Un anciano que aparenta más de 70 años espera por su turno para confeccionar su carné de identidad. Casi no habla. En la otra esquina de la sala ocupo mi lugar en la cola con desespero, con la intranquilidad clásica de todas las colas, y me impaciento aún más cuando imagino que su pose cabizbaja y ralentizada se traduce en pocas ganas de colaborar. Como casi siempre que estoy molesta, el prejuicio me va a jugar una mala pasada.
El amigo que va delante de mí no solo coopera, sino que provoca muchas sonrisas.
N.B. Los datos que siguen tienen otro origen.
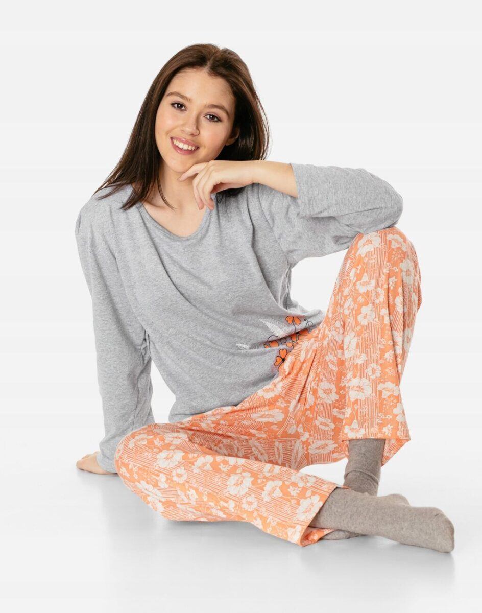 …to strój nocny oraz domowy składający się z dwóch części: długich prostych spodni oraz koszulki z długim rękawem bez dodatków typu guziki czy suwaki by czuć się w pełni swobodnie i komfortowo.

Y algunas reflexiones. «¿Donante?», le pregunta la encargada de llenar sus casillas en el documento oficial. «Sí, mi’jita, yo lo dono todo», responde el locuaz interlocutor. La sala de espera de la oficina se une en una sola carcajada. No es una risa burlona. Detrás de la diversión que ocasiona la jarana, varios ojos brillan con ese orgullo que solo ostenta un cubano orondo de ser como es.
En las palabras de mi noble musa (o muso, no sé cómo deba decirse en estos casos porque los poetas no pensaron en la inspiración de las poetisas) se oculta una hermosa verdad que me hace pensar en las ideas martianas que incitan a hacer el bien sin llamar al universo para que te vea.
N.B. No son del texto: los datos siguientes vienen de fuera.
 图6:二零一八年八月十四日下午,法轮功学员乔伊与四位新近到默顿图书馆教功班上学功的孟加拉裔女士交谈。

Mi amigo desnuda su naturaleza noble casi por descuido, como quien no quiere la cosa. Pero con su gesto y su desparpajo sacude tanto como el que se aventura a cambiar el mundo. Así son los héroes más grandes: anónimos.
Cuando era pequeña, también tenía mi propio titán dispuesto a donarlo todo. Y escuchaba con admiración sus historias mínimas, relatadas con la humildad mayor, comparable solo con la del señor del carné de mi historia.
Nunca quedaba convencida de que fuera tan fácil dejarse extraer del cuerpo el líquido más valioso y, luego de realizada la hazaña, contarla así, con pocas palabras, en un momento de distracción: «Ah, hoy doné sangre».
Como niña al fin, irresistible a tragar preguntas, un día no pude soportar más la duda y lancé mi gran cuestionamiento: «¿Por qué donas sangre?», le espeté. «Porque otros la necesitan», fue la tímida respuesta. Con una razón así, tan simple y profunda, quedé satisfecha. Entendí que sus palabras eran suficiente explicación. Porque no existen más motivos para aquellos compatriotas que hacen de esta una práctica habitual.
En un mundo salpicado de egoísmos, ignorancias y falsas creencias, cada día disminuye la disponibilidad de la vital sustancia y sigue aumentando el número de quienes la necesitan. «Vamos cargados y, ante la impaciencia, para ir de prisa se deja vergüenza», razona Israel Rojas, compositor principal del dúo Buena Fe. Por eso, entre tantos buenos ejemplos inquieta que algunos refieran no tener tiempo para hacer el bien si no es imprescindible. Y qué decir si el sacrificio trae consigo un pinchazo.
Para estos, las historias para esquivar la aguja poseen las más variadas justificaciones: imaginaria insalubridad de los materiales, consecuencias que supuestamente ocasiona el convertirse en un donante y hasta la trillada excusa de tener otras cosas que hacer. Todo este universo de increíbles bicocas se une al invento de repentinas enfermedades que incapacitan al aludido para realizar el valeroso acto.
Si un día la vida de uno de estos apurados llegara a depender de una dosis de glóbulos rojos y blancos, seguramente deseará que el resto de las personas no hayan pensado como él. La sangre que necesitará su cuerpo para andar dependerá del SÍ de algún héroe anónimo. Y ojalá mi llevado y traído señor que siempre lo dona todo se multiplique en cada cola.